■ **DATASET CONTENT**
=======
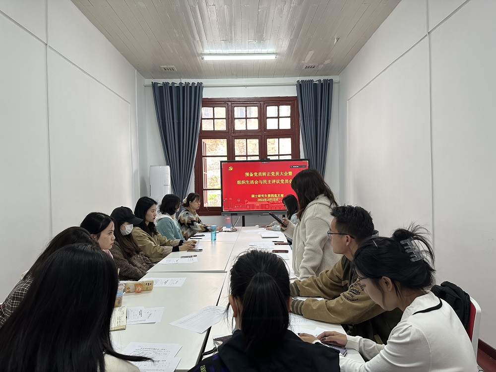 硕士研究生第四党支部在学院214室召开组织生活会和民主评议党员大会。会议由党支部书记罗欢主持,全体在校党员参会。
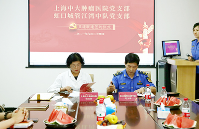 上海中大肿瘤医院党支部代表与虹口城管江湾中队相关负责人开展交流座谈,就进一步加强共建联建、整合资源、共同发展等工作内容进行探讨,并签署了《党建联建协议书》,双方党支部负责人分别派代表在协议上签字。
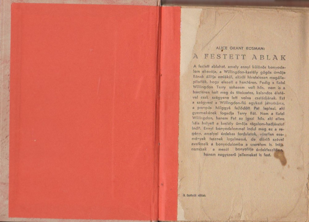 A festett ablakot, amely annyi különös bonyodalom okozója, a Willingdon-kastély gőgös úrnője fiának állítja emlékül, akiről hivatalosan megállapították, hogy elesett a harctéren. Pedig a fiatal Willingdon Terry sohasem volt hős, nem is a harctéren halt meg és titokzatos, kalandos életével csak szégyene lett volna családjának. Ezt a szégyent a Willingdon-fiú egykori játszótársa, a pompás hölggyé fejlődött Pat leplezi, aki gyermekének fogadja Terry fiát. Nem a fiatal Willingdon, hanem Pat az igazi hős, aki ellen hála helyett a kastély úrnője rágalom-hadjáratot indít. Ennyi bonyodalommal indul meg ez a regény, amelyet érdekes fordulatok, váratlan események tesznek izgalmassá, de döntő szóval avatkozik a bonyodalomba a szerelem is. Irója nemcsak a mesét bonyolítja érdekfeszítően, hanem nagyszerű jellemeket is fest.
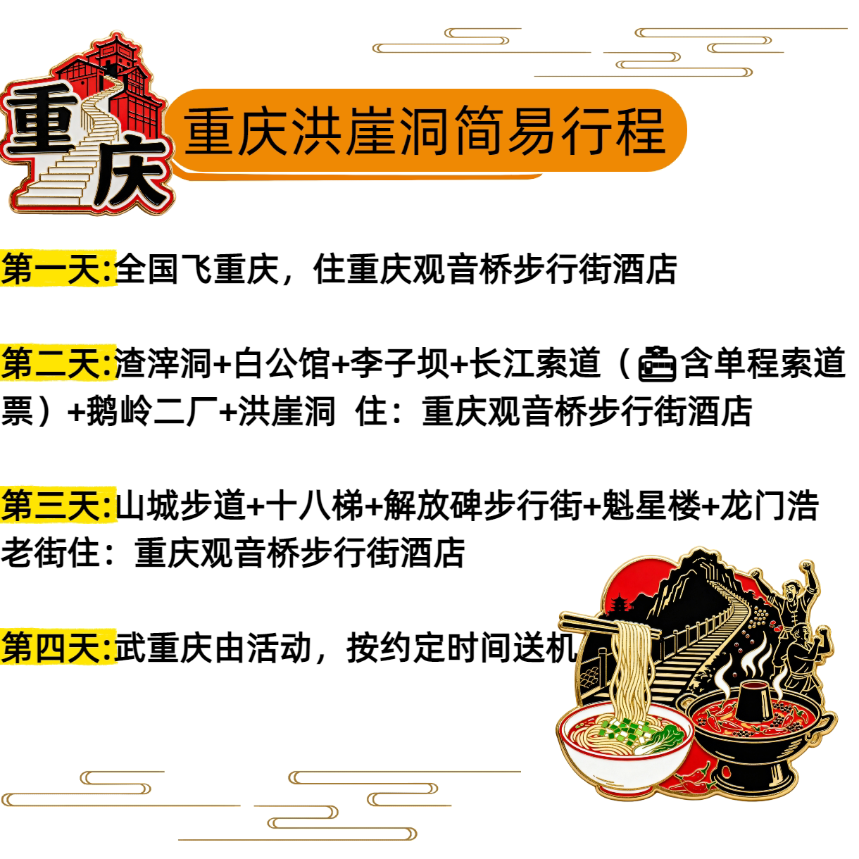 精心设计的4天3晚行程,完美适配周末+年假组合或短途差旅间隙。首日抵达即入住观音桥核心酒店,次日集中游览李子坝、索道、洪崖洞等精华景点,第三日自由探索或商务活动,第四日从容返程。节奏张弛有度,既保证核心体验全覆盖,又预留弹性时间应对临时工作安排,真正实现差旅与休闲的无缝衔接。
=======
■ **YOUR OBJECTIVE**
Copy out exactly, with no pictures, the lines of the data from the first one through the line bearing "上海中大肿瘤医院党支部代表与".

■ **TASK SOLUTION**
 硕士研究生第四党支部在学院214室召开组织生活会和民主评议党员大会。会议由党支部书记罗欢主持,全体在校党员参会。
 上海中大肿瘤医院党支部代表与虹口城管江湾中队相关负责人开展交流座谈,就进一步加强共建联建、整合资源、共同发展等工作内容进行探讨,并签署了《党建联建协议书》,双方党支部负责人分别派代表在协议上签字。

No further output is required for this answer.